──────── INFORMATION SHOWN

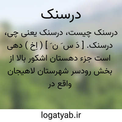 درسنک. [ دَ س َ ن َ ] ( اِخ ) دهی است جزء دهستان اشکور بالا از بخش رودسر شهرستان لاهیجان واقع در 56 هزارگزی جنوب رودسر و 20 هزارگزی جنوب خاوری سی پل با 160 تن سکنه. آب آن از چشمه و راه آن مالروو صعب العبور است. ( از فرهنگ جغرافیایی ایران ج 2 ).
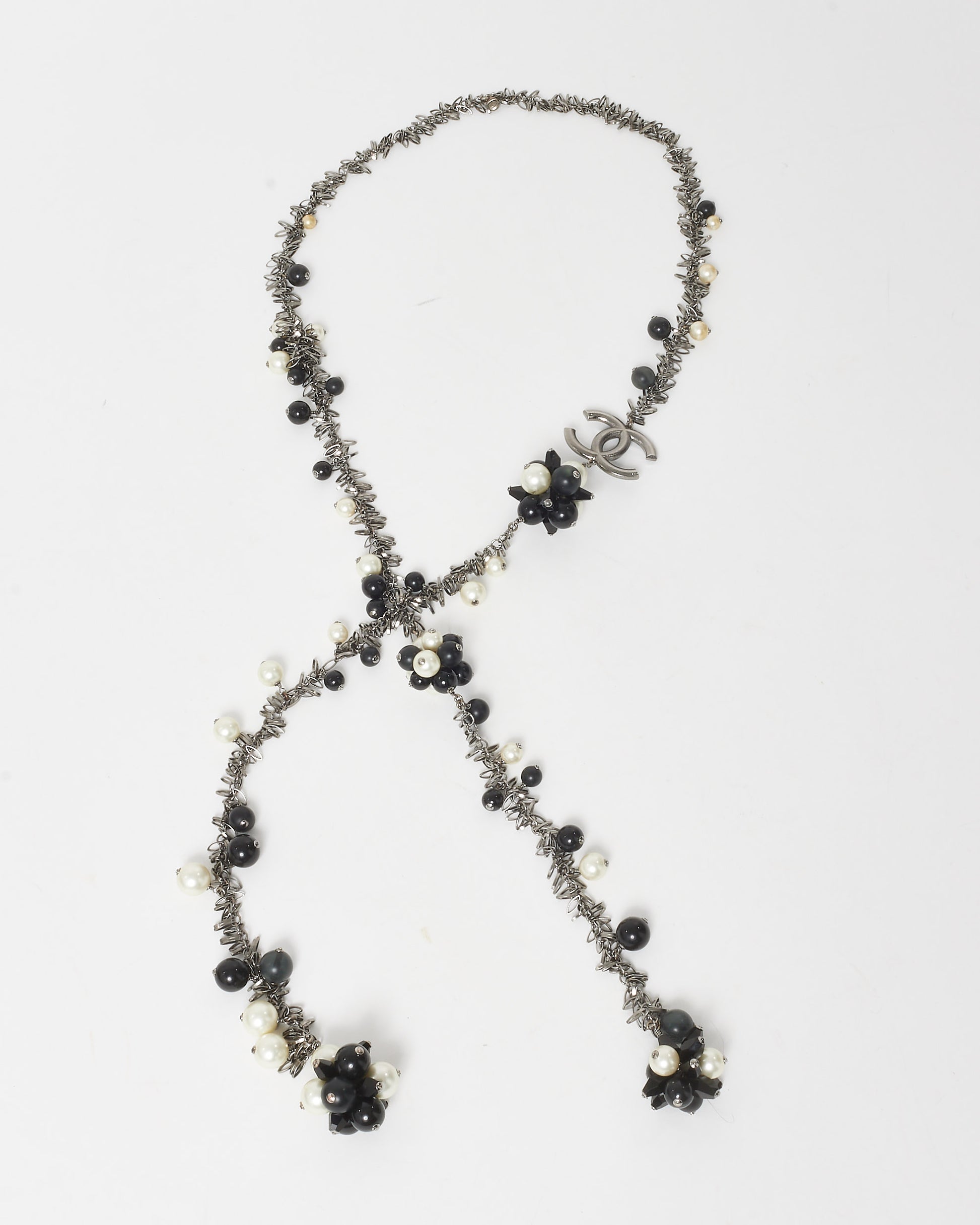 Black & White Faux Pearl Silver-Toned Chain Flower CC Logo Long Necklace
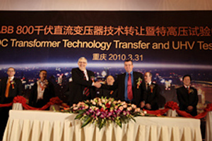 重慶,2010年3月31日——全球領(lǐng)先的電力和自動化技術(shù)集團(tuán)ABB,今天在此簽署協(xié)議,將800千伏高壓直流變壓器技術(shù)轉(zhuǎn)讓給在華企業(yè)——重慶ABB變壓器有限公司。同時,ABB舉行了重慶特高壓試驗中心的落成典禮。

────────────────

The finished copy should match the data above word for word and contain no pictures.

 درسنک. [ دَ س َ ن َ ] ( اِخ ) دهی است جزء دهستان اشکور بالا از بخش رودسر شهرستان لاهیجان واقع در 56 هزارگزی جنوب رودسر و 20 هزارگزی جنوب خاوری سی پل با 160 تن سکنه. آب آن از چشمه و راه آن مالروو صعب العبور است. ( از فرهنگ جغرافیایی ایران ج 2 ).
 Black & White Faux Pearl Silver-Toned Chain Flower CC Logo Long Necklace
 重慶,2010年3月31日——全球領(lǐng)先的電力和自動化技術(shù)集團(tuán)ABB,今天在此簽署協(xié)議,將800千伏高壓直流變壓器技術(shù)轉(zhuǎn)讓給在華企業(yè)——重慶ABB變壓器有限公司。同時,ABB舉行了重慶特高壓試驗中心的落成典禮。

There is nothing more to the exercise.